At first we had no doubt that his function would be faster, but that is not true when actually running the code and comparing the speed, even if the difference is something we can completely ignore, we would like to know why is it that the one that "should" be faster is in fact slower.
Considering the following code:
#include <iostream>
#include <chrono>
using namespace std;
using namespace std::chrono;
struct timing {
short hour;
short minute;
};
bool isAllowed(timing &from, timing &to, timing &actual) {
return !(((from.hour > to.hour && (actual.hour >= from.hour || actual.hour <= to.hour)) ||
(actual.hour >= from.hour && actual.hour <= to.hour)) &&
!(actual.minute > from.minute && actual.minute < to.minute));
}
long getSecs(short hour, short minutes) {
return (hour * 3600) + (minutes * 60);
}
bool isAllowed2(timing &from, timing &to, timing ¤t) {
long secsFrom = getSecs(from.hour, from.minute);
long secsTo = getSecs(to.hour, to.minute);
long secsCurrent = getSecs(current.hour, current.minute);
if (secsFrom > secsTo) secsTo += 24 * 60 * 60;
if (secsCurrent > secsFrom && secsCurrent < secsTo) {
return false;
}
return true;
}
int main() {
//debug messages
std::string okay = " - ok";
std::string error = " - er";
std::string receive = " - allowed";
std::string notReceive = " - denied";
//testing times
int const testDataCount = 5;
timing from[testDataCount] = {
{ 16, 30 },
{ 8, 30 },
{ 10, 30 },
{ 0, 30 },
{ 0, 0 }
};
timing to[testDataCount] = {
{ 8, 30 },
{ 20, 0 },
{ 20, 0 },
{ 6, 0 },
{ 7, 0 }
};
for (int i = 0; i < testDataCount; i++) {
std::cout << i + 1 << ": " << from[i].hour << ":" << from[i].minute << " to " << to[i].hour << ":"

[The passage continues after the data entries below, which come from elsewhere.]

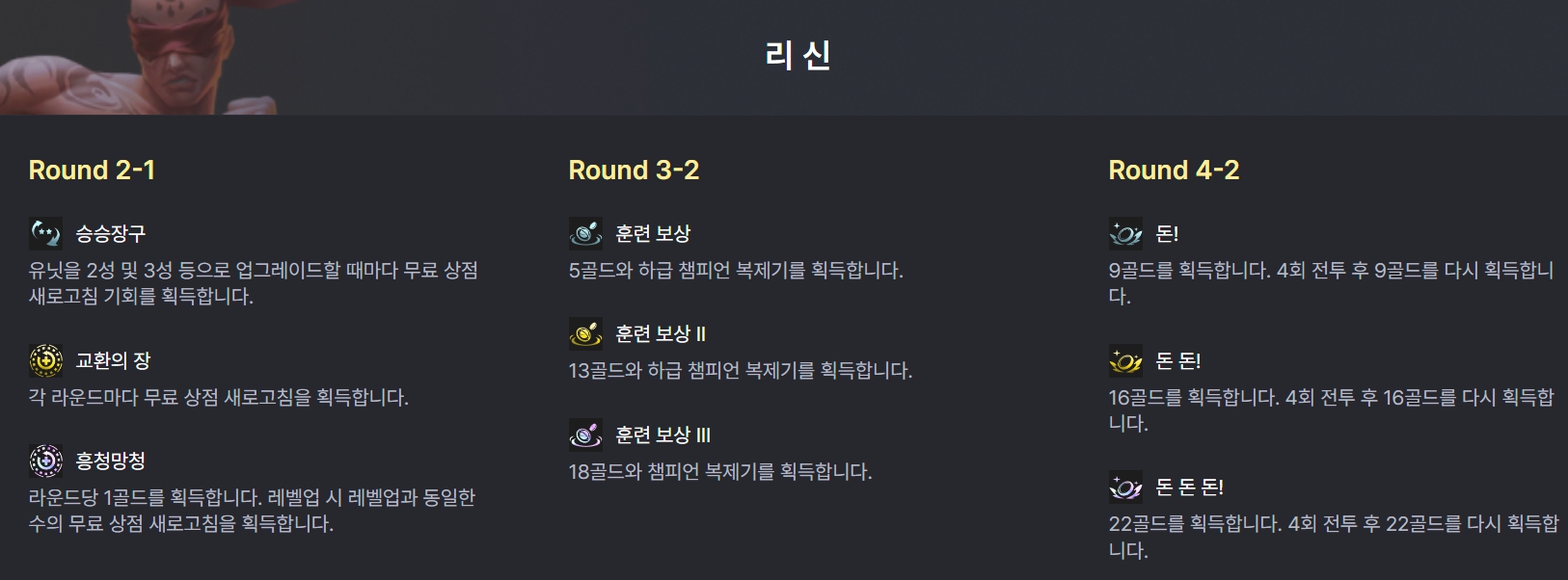 리신 전설을 고르고 첫 증강체가 실버 증강체인 승승장구 일 때가 가장 좋으며, 골드 증강체인 교환의 장을 골라도 무난합니다. 그 외에는 활의 수호자, 검의 수호자, 적을 알라, 결투하는 사수와 같은 전투형 증강체나 리롤 관련 증강체, 사수 관련 증강체가 좋습니다.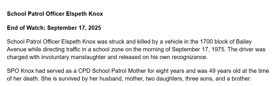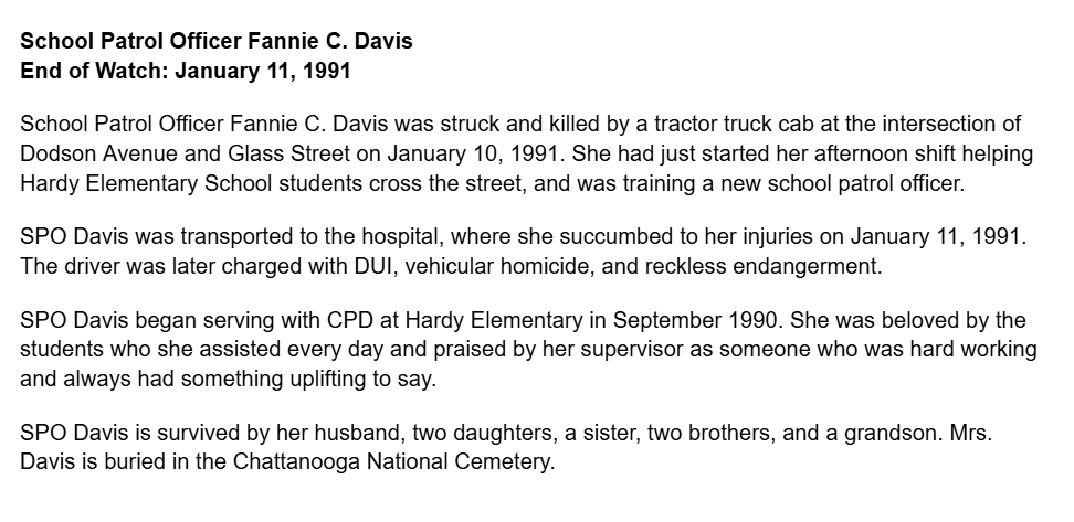 School Patrol Officer Fannie Davis was killed in an automobile crash on Janury 10th, 1991.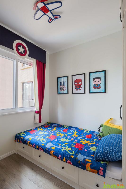 兒童房木作榻榻米連接置頂儲(chǔ)物柜,室內(nèi)設(shè)計(jì)師在書(shū)桌吊柜滿足學(xué)習(xí)休閑機(jī)能,美隊(duì)主題窗簾與機(jī)器人床品迎合男孩喜好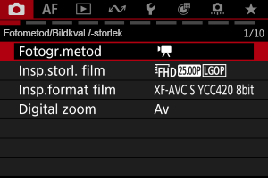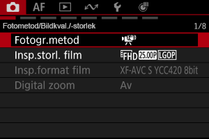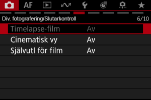 Nedtonade menyalternativ kan inte väljas. Menyalternativet är nedtonat om en annan funktionsinställning åsidosätter det.

<< to[i].minute << std::endl;
}
//test current times
timing current[5] = {
{ 12, 0 },
{ 23, 0 },
{ 17, 30 },
{ 15, 12 },
{ 0, 20 }
};
bool ergValues[][testDataCount] = {
{ true, false, false, true, true },
{ false, true, true, true, true },
{ false, false, false, true, true },
{ true, false, false, true, true },
{ false, true, true, true, false }
};
long totalNs1 = 0;
long totalNs2 = 0;
for (int i = 0; i < 4; i++) {
std::cout << std::endl << i + 1 << ". Test: " << current[i].hour << ":" << current[i].minute << std::endl;
for (int j = 0; j < testDataCount; j++) {
high_resolution_clock::time_point t1 = high_resolution_clock::now();
bool response = isAllowed(from[j], to[j], current[i]);
high_resolution_clock::time_point t2 = high_resolution_clock::now();
high_resolution_clock::time_point t3 = high_resolution_clock::now();
bool response2 = isAllowed2(from[j], to[j], current[i]);
high_resolution_clock::time_point t4 = high_resolution_clock::now();
long ns1 = duration_cast<std::chrono::nanoseconds>(t2 - t1).count();
totalNs1 += ns1;
long ns2 = duration_cast<std::chrono::nanoseconds>(t4 - t3).count();
totalNs2 += ns2;
std::cout << j + 1 << "\t\t:1:" << ns1 << "ns: " << response << (response == ergValues[i][j] ? okay : error) << "\t\t:2:" << ns2 << "ms: " << response2 << (response2 == ergValues[i][j] ? okay : error) << "\t\t"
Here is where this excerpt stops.